In full and word for word, copy the listing; no pictures belong in the copy.

**Exercise input:**
**********
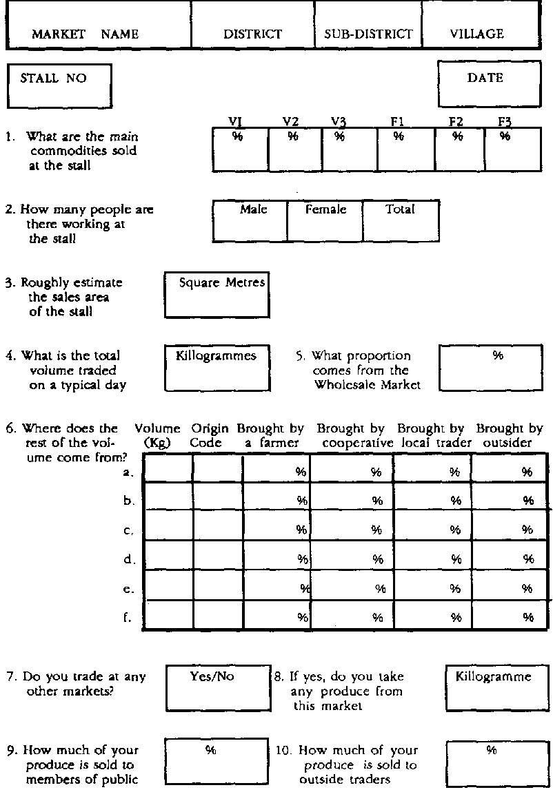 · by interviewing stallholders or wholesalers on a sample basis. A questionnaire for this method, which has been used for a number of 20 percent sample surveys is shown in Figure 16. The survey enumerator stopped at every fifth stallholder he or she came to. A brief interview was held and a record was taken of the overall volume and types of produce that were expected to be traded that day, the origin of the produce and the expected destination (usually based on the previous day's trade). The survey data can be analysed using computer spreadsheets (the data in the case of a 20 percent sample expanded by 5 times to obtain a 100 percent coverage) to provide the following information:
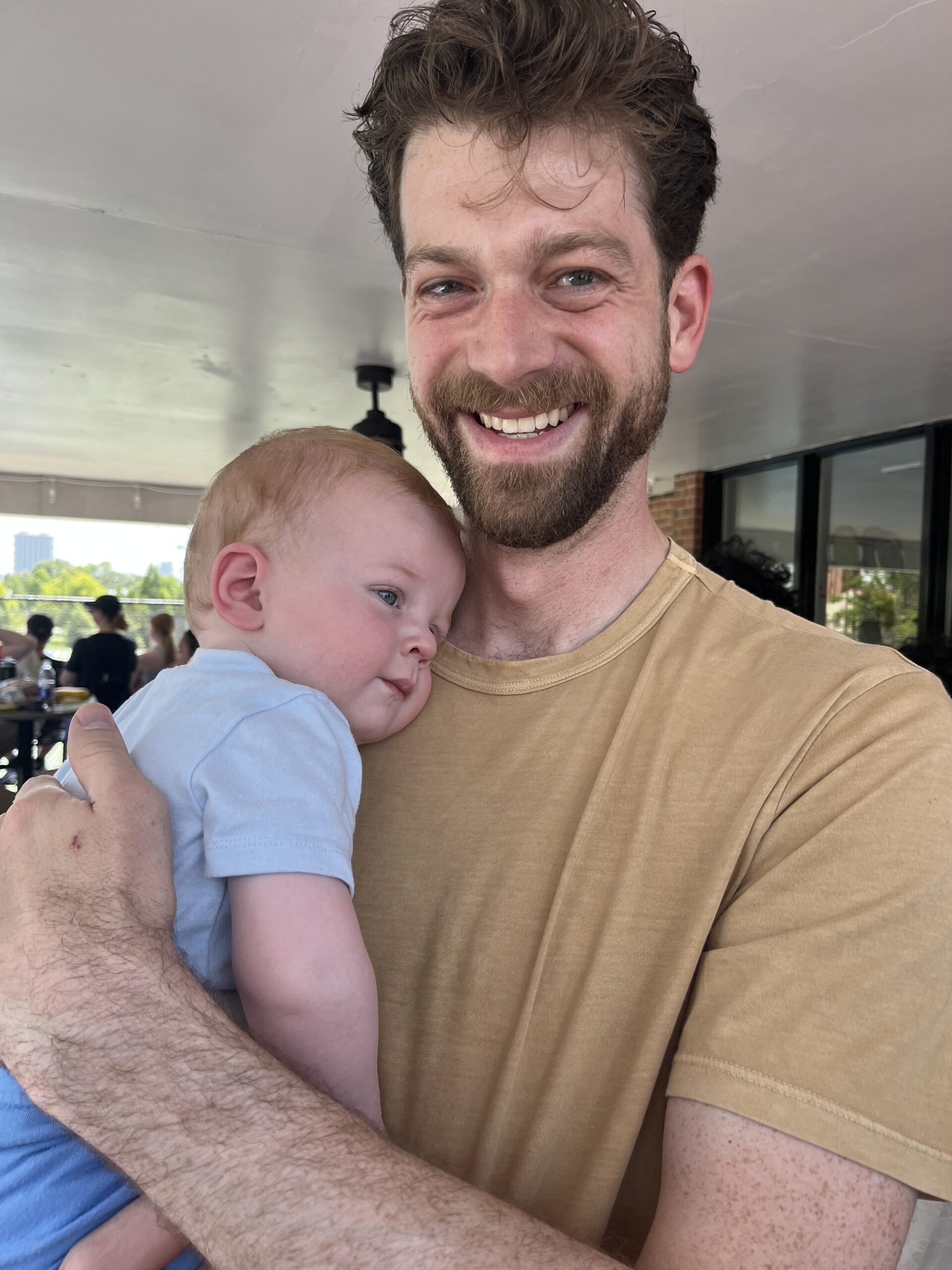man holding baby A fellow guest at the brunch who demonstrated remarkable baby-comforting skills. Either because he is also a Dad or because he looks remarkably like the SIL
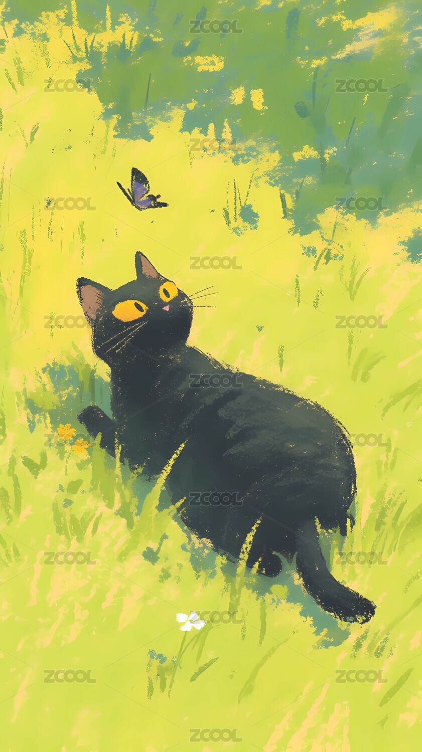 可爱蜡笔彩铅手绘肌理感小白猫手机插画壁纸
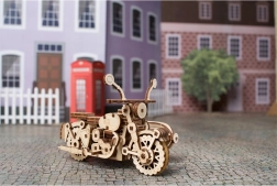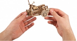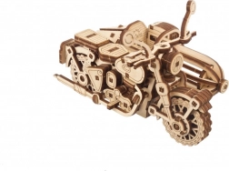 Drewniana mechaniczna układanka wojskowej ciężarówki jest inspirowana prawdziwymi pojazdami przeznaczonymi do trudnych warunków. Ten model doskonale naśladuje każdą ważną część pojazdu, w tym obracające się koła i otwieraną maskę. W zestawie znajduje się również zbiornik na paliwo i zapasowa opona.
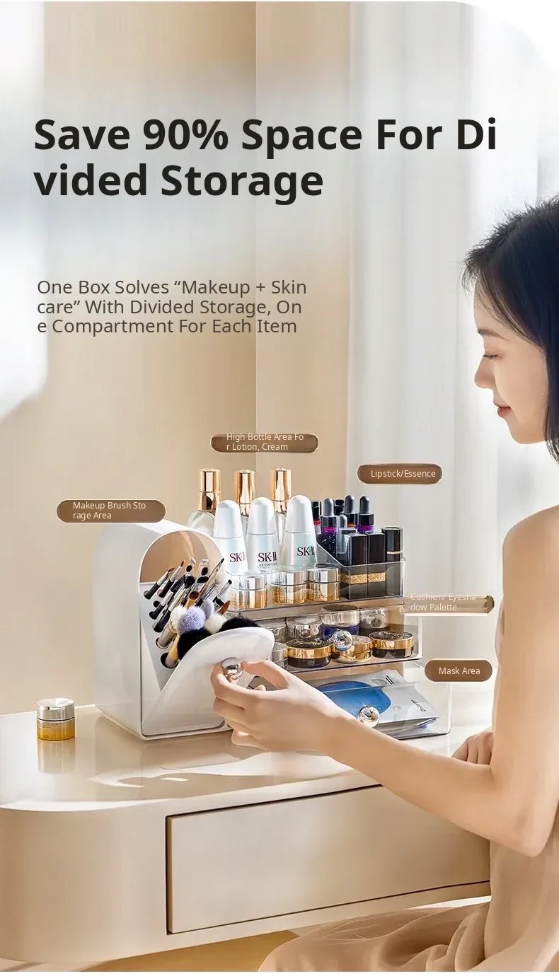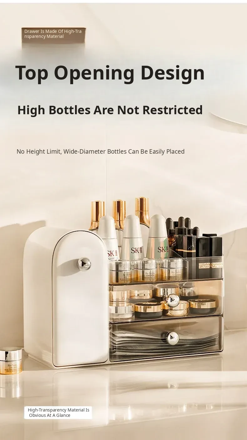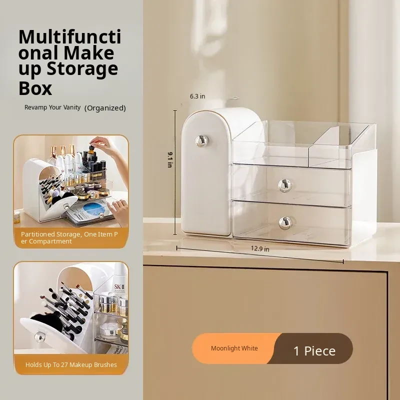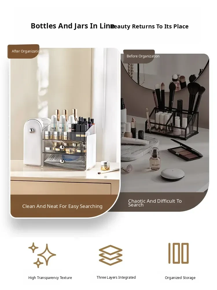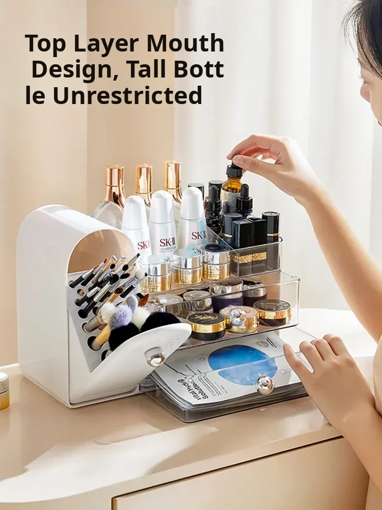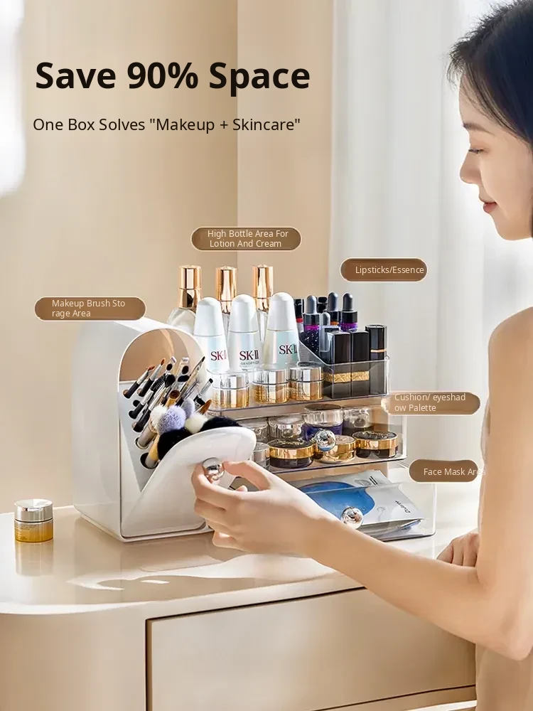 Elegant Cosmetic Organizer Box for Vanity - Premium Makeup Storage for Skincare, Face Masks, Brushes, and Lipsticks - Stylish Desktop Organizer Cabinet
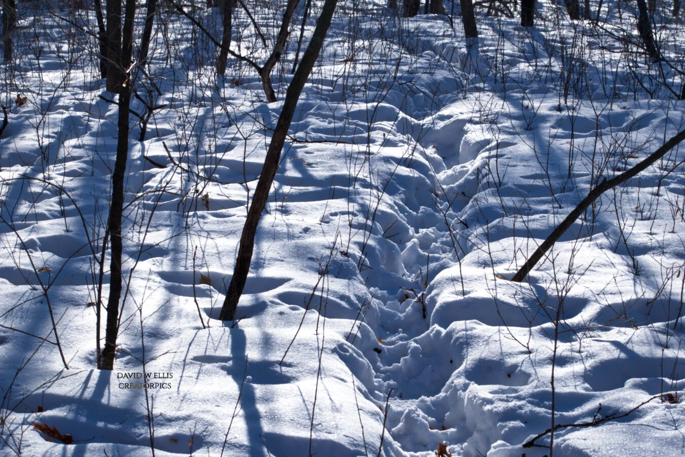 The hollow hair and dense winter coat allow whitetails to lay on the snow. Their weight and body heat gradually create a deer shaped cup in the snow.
**********
**Solution to this task:**
 · by interviewing stallholders or wholesalers on a sample basis. A questionnaire for this method, which has been used for a number of 20 percent sample surveys is shown in Figure 16. The survey enumerator stopped at every fifth stallholder he or she came to. A brief interview was held and a record was taken of the overall volume and types of produce that were expected to be traded that day, the origin of the produce and the expected destination (usually based on the previous day's trade). The survey data can be analysed using computer spreadsheets (the data in the case of a 20 percent sample expanded by 5 times to obtain a 100 percent coverage) to provide the following information:
man holding baby A fellow guest at the brunch who demonstrated remarkable baby-comforting skills. Either because he is also a Dad or because he looks remarkably like the SIL
 可爱蜡笔彩铅手绘肌理感小白猫手机插画壁纸
 Drewniana mechaniczna układanka wojskowej ciężarówki jest inspirowana prawdziwymi pojazdami przeznaczonymi do trudnych warunków. Ten model doskonale naśladuje każdą ważną część pojazdu, w tym obracające się koła i otwieraną maskę. W zestawie znajduje się również zbiornik na paliwo i zapasowa opona.
 Elegant Cosmetic Organizer Box for Vanity - Premium Makeup Storage for Skincare, Face Masks, Brushes, and Lipsticks - Stylish Desktop Organizer Cabinet
 The hollow hair and dense winter coat allow whitetails to lay on the snow. Their weight and body heat gradually create a deer shaped cup in the snow.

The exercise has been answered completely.